A Type 2 community is one which is dominated by a bacterial biofilm. This film spreads like a sludge across a surface around uneaten food. This community hosts a lower diversity of organisms, but a much higher density. The primary organism in this ecosystem by a large margin is Peranema. Unlike their more well-known Euglena cousins, Peranema cannot photosynthesize, instead feeding on the bacteria which grow in the biofilm. Type 2 communities are visible with the naked eye, appearing as a brown slime dotted with several white masses. These masses are actually piles of Peranema, which congregate into these areas to feed and breed.

Type 1 and Type 2 communities are mutually exclusive, requiring different water conditions and actively repelling each other, as can be seen here. Type 1 communities have been observed in conditions with faster water flow, low nutrients from leftover food and low ammonia waste from the fish. By contrast, Type 2 communities have been observed in low-flow conditions with high nutrients and very high levels of ammonia waste. This distinction allows the communities to be used as secondary indicators by researchers to monitor aquatic health, since zebrafish thrive in the conditions preferred by Type 1 and deteriorate in the conditions preferred by Type 2.

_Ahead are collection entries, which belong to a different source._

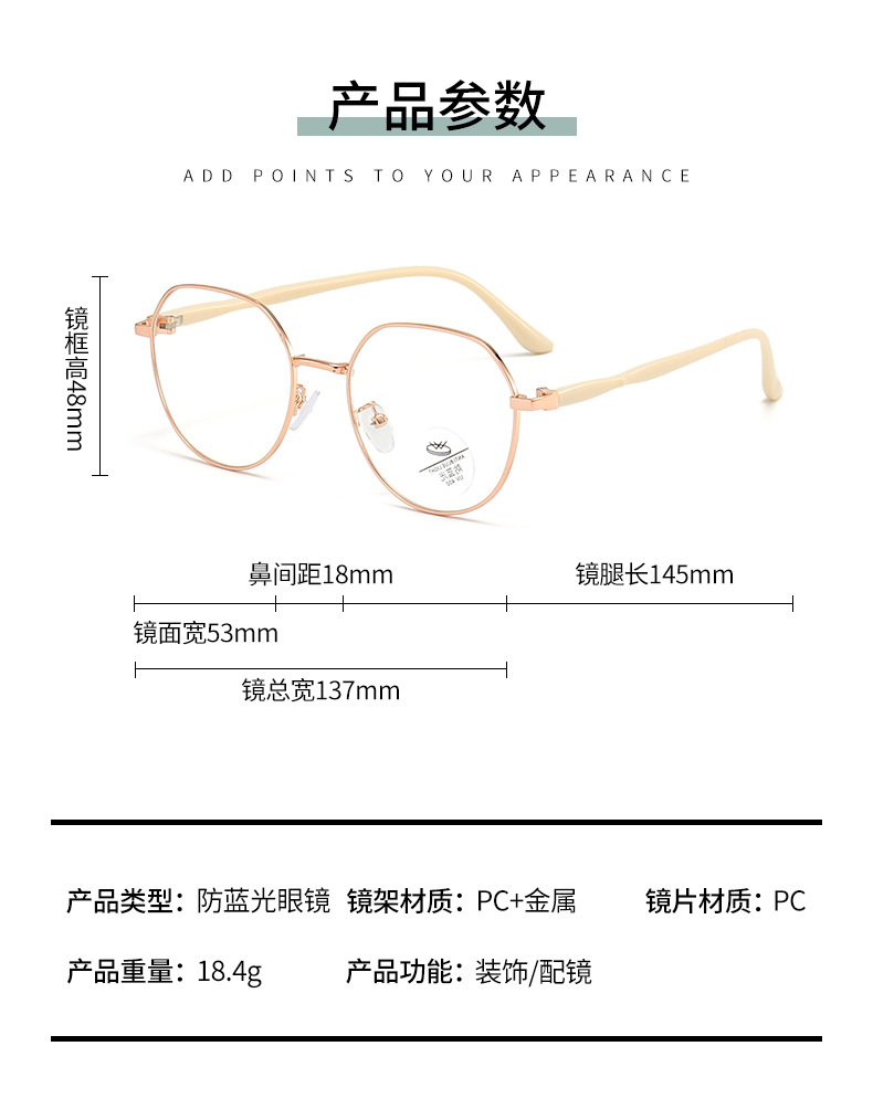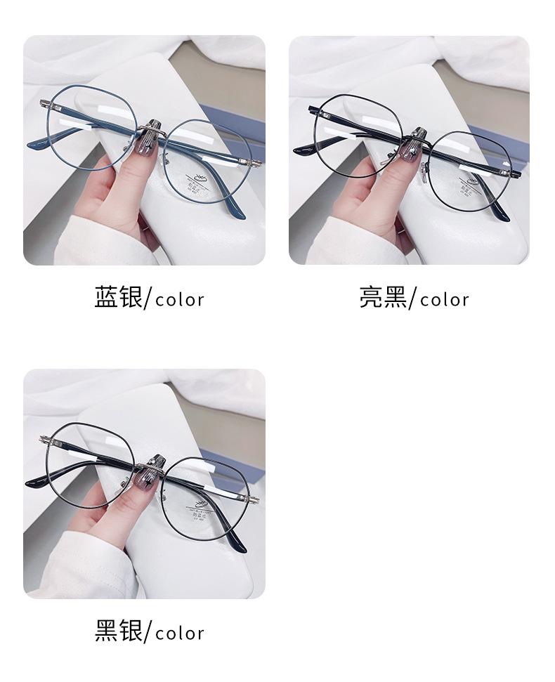 新款金属防蓝光近视眼镜时尚复古圆形眼镜框女ins简约轻盈平光镜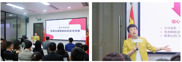 活动中,五美律所主任李小非律师以《坚守与创新:家事法律服务的应变与突围》为主题进行授课。课程围绕“家事法律服务市场现状”“从‘人货场’视角解析行业变化与机遇”及“决策辅助清单的应用”三大板块展开,结合丰富实务案例,深入剖析了当前家事法律业务面临的痛点与创新路径。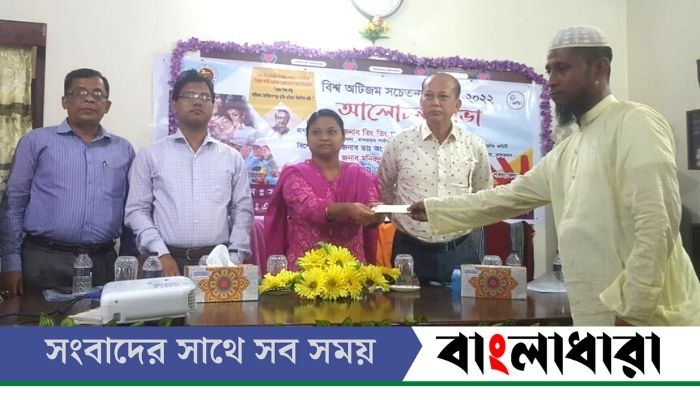 অনুষ্ঠান শেষে অসহায় ও দুস্থ মানুষের মাঝে চেক বিতরণ করেন অতিথিবৃন্দ।

Type 3 is an outlier community associated with high flow and high light. Only two have been observed in the system, but they were the two largest microbial communities documented. Type 3 communities are dominated by diatoms- tiny, photosynthetic ciliates which form silica shells around themselves. Samples from these communities were difficult to culture since the diatoms often died when kept in a dark incubator; however, I was able to identify the glass shells they left behind. The diatom colonies form a brown-red film which acts as a matrix for larger organisms to inhabit, primarily rotifers and a small unidentified plankton too small to record. They also seem to be associated with webs of thin red strands; these structures have yet to be identified, but are speculated to be another kind of fungi.

These are the findings I have compiled by the end of the semester. In regards to zebrafish husbandry in the Krasnow Institute, the ecology of these microorganisms can be used to improve care practices and better provide for the offspring. However, more work must still be done. There are several organisms which have not yet been identified, and the significance of the association with Type 1 and 2 communities and water quality has yet to be quantitatively determined. With further investigation of microbial analysis, researchers can use the health of all organisms in an aquarium system to better provide for the needs of the fish they want to raise. I will continue to move forward with this investigation, and I am excited to contribute to the husbandry of the model organisms upon which so much research relies. Thank you for watching!